Captain Qin Sura stood at rigid attention, sweat trickling beneath his neural plate. His right arm still trembled from the pulse shock he took during the retreat.

Across from him, General Wu-Fei, his superior, didn't speak — he barked.

"Three companies. Twenty-three combat drones. Six terrain shrouds. Gone. You leveled a village and came back with empty air!"

Sura flinched.

"Sir, we followed standard sweep protocols. Camouflage fields were deeper than expected. Echo readings failed to—"

Wu-Fei slammed a steel palm on the table.

"I don't care about your failures. I care about results. You promised me the head of their elder. You brought me ashes!"

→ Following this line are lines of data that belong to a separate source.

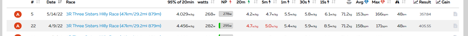 There’s something here I have yet to figure out. Winnable… After a couple years of finishing at the bottom of A, what is a person winning by taking a podium spot in B, C, D when these are essentially power-based categories? Age and gender I can understand (which makes it that much more frustrating that results can’t be sorted by age in ZP).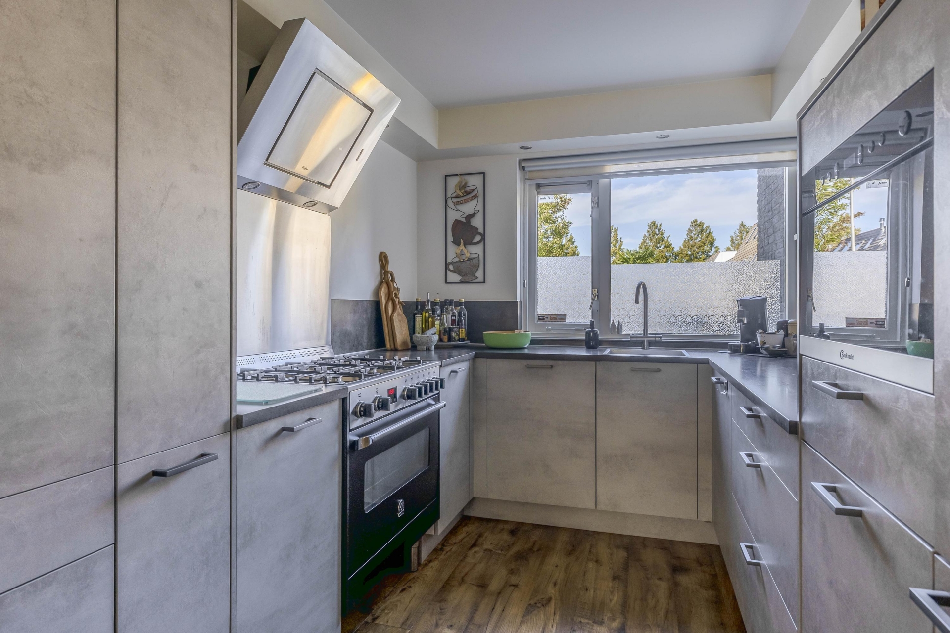 De open verbinding met de tuin en het water erachter maakt het extra aantrekkelijk. Ook de keuken (2018) is een fijne plek in huis: modern uitgevoerd, met veel werkruimte, een groot fornuis met 6 gaspitten, oven, heetwaterkraan, vaatwasser, koelkast, en een combi oven/magnetron. De ideale combinatie van comfort, sfeer en functionaliteit.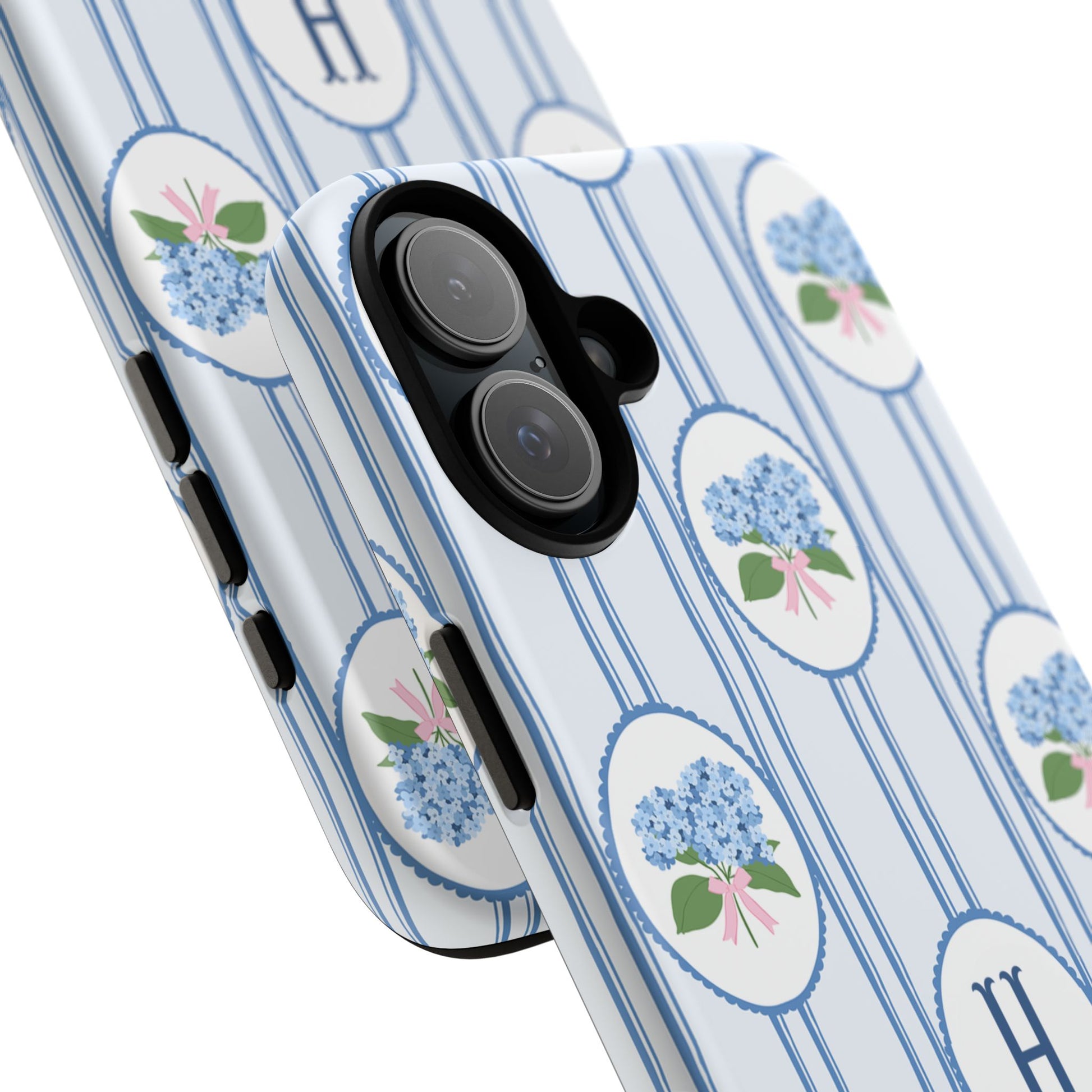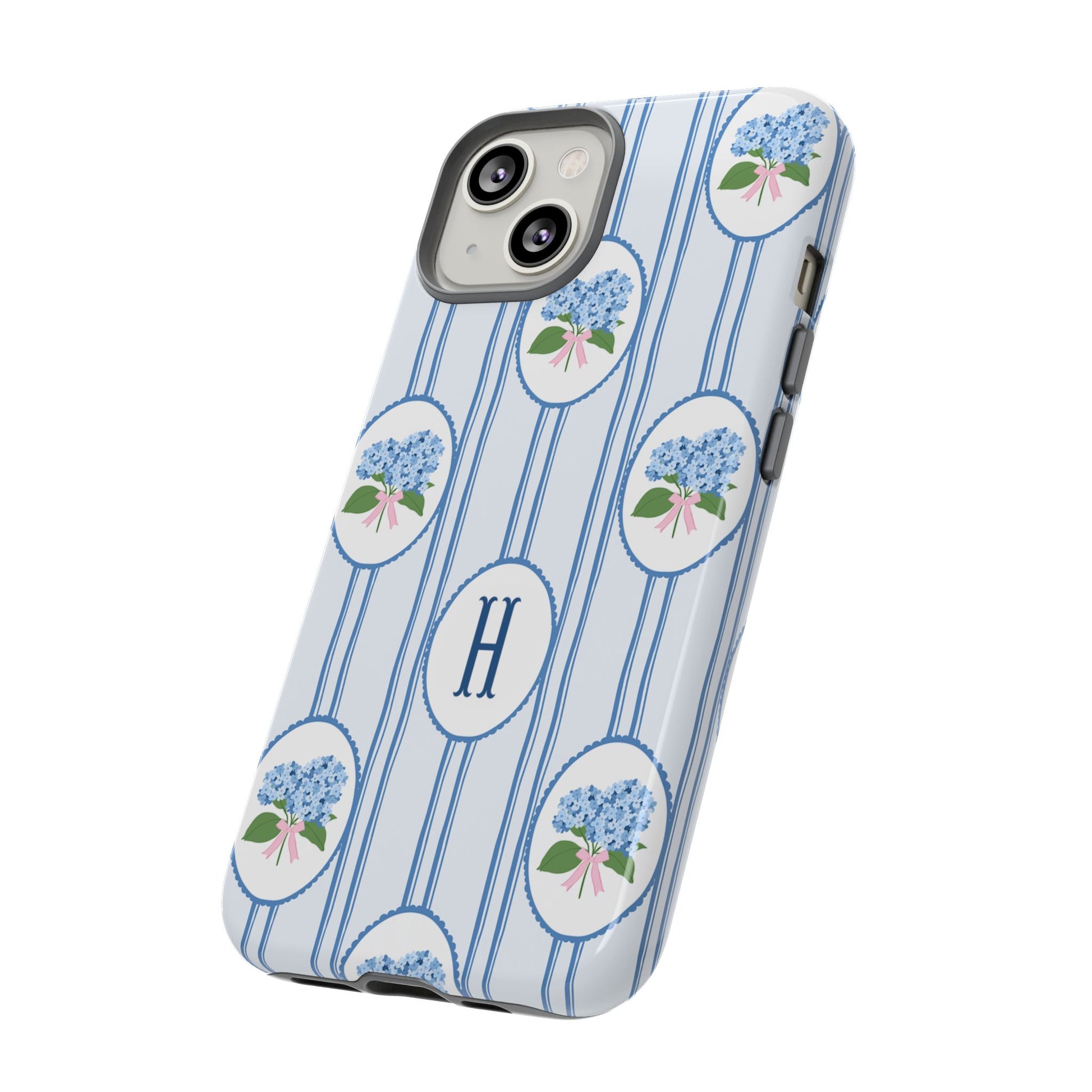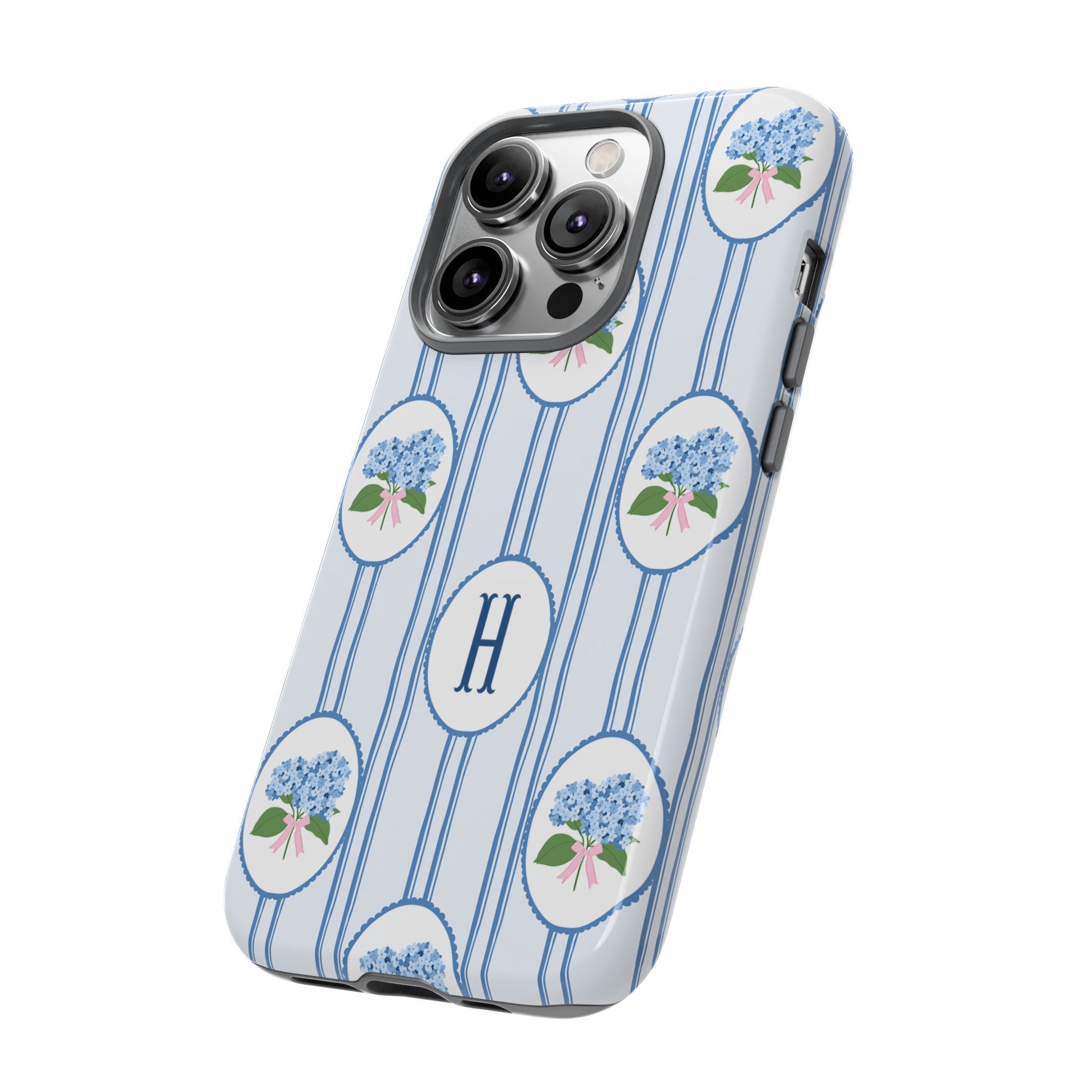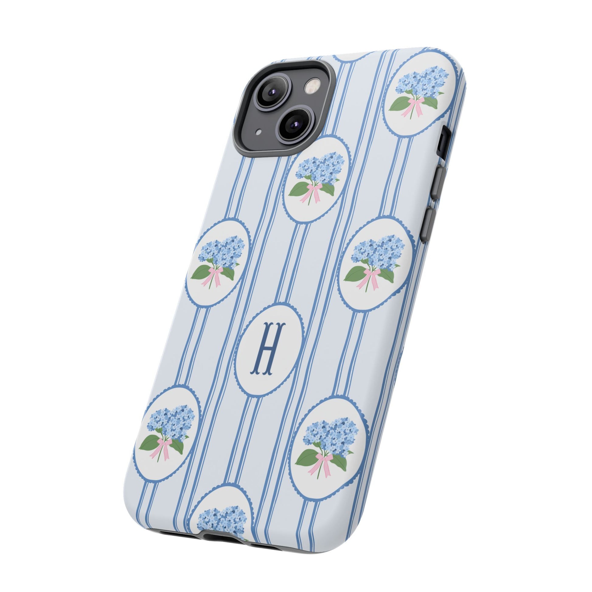 Meet your new favorite Monogram phone case—a trendy iPhone case with classic preppy charm. This custom personalized design features blue hydrangea bouquets in scalloped cameo frames over soft blue stripes, finished with a bold monogram initial. It’s timeless and current—aka the perfect modern case for everyday.

A second voice joined — this one digital, smooth, cold. The Zhongyan Tactical AI spoke from the ceiling:

"Analysis confirms: Khanori tribes remain strategically elusive. Relocation algorithms exceed baseline prediction. Combat engagement suggests unaugmented excellence."

Wu-Fei growled.

"Are you suggesting they're… better than us?"

Sura, to his credit, didn't lie.

"In close combat, sir? Against our basic units? Yes. I watched one of them take down a mecha-suit with nothing but a blade. It vibrated to his heartbeat."

The general sneered.

"A heartbeat won't stop orbital fire."

Sura stared forward. He didn't argue. But in the back of his mind, he remembered the wolf-helmed warrior — unmoved as plasma struck behind him, staring at the army like he knew something they didn't.